In S1 Appendix of supporting information, we describe other variations and generalizations of this algorithm. For all calculations involving power and Type-1 error rates for our gene-based test, we use ensemble learning variation 1 with the following components: multiple linear regression or logistic regression (for quantitative or case-control traits respectively), support vector machine with linear kernel and random forests with mtry = 1 and ntree = 1000. mtry is the number of SNPs to consider when creating a tree node in a random forest and ntree is the number of trees used in the model. Feature selection is based on the pairwise Pearson’s correlation coefficient between variables and phenotype and we use the top 30% of the variables for constructing prediction models. The “meta-level” learning algorithm is also a random forests algorithm with mtry = 1 and ntree = 1000 and non-linearly combines features as well as initial phenotype predictions.

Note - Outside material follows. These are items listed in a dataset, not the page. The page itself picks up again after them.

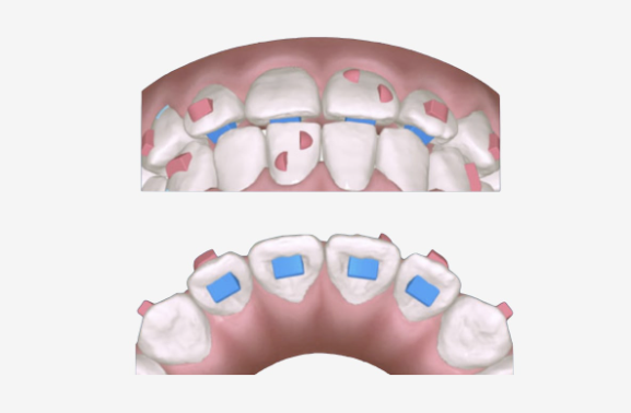 angelAttach, the Angel Aligner precise attachment system is a revolutionary attachment system validation and optimized by the Angel Aligner masterForce platform. There are two types of attachments, conventional attachments that are bonding to the teeth and aligner pressure points designed and manufactured using our unique and advanced manufacturing technology. Combining biomechanics, material science and mechanics, the position and morphology of our attachments are designed to achieve better force expression and a more effective and precise control of tooth movement with clear aligners. In addition Angel Aligner allows the use of other auxiliary tools such as elastics, TADs and segmental archwires with our unique innovations.
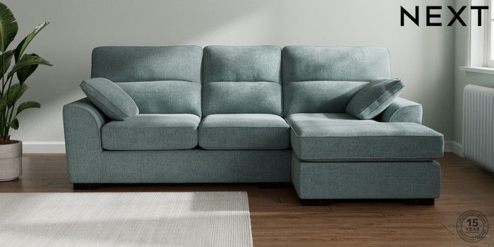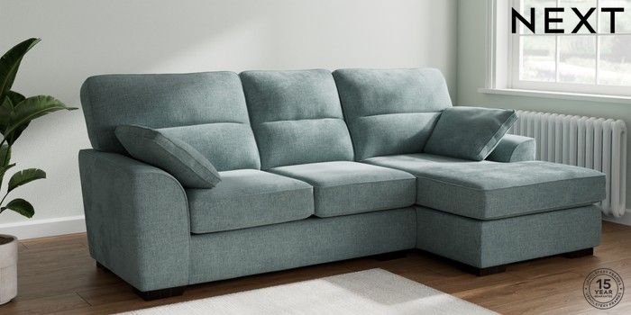 7.2.10 Buy Stamford Highback Medium Sofa Chaise - Right Hand Chunky Chenille Light Teal Green Large Square Angle - Dark from the Next UK online shop Click here to use our accessible website
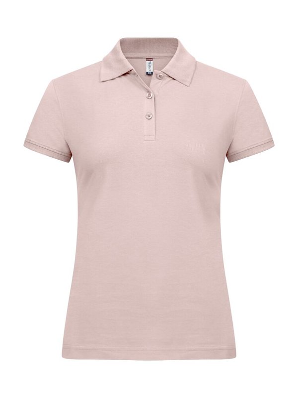 Moderne 100% gekamde katoenen dames polo. Voorzien van 3 ton sur ton knopen en een 1x1 rib kraag.<br />Materiaal: 100% katoen (kleur 92: 99% katoen, 1% viscose / kleur 95: 85% katoen, 15% viscose / kleur 955: 60% katoen, 40% polyester).<br />Kwaliteit: 200 g/m².<br />Geslacht: women
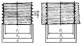 В резьбе различают номинальный диаметр резьбы, который чаще всего является наружным диаметром винтовой поверхности d, внутренний диаметр d1, средний диаметр d2 винта и внутренний диаметр отверстия гайки D1, диаметр резьбы гайки D, средний диаметр резьбы гайки D2 чаще всего равный d2 (рис. 28).

The choice of mtry was based on testing the random forests algorithm on an empirical dataset from an asthma cohort at the Henry Ford Health System (Details can be found in [19]). We considered a large number of gene-regions from this genotype data and generated predictions for asthma drug (short-acting beta-agonist) response phenotype (a continuous variable) for varying values of mtry. We choose the value that maximized the prediction accuracy (R2) on “out of the bag” samples (i.e. those not used in training) for asthma drug response.
The choice of component algorithms and parameters/settings within the ensemble learning framework is usually guided by the relative prediction accuracy (e.g. R2 or Mean Squared Error between observed and predicted values) for the dataset under consideration. In general, the goal is to maximize the prediction accuracy (or minimize prediction error) while maintaining a reasonable computing time and roughly correct false positive rate. We chose the parameters for each component algorithm (e.g. Random Forests, Support Vector machines) by maximizing the marginal prediction accuracy. However, there are no hard and fast rules for choosing a set of machine learning algorithms and we expect that many different variations under the ensemble learning framework (e.g. see S1 Appendix) will generate valid association tests.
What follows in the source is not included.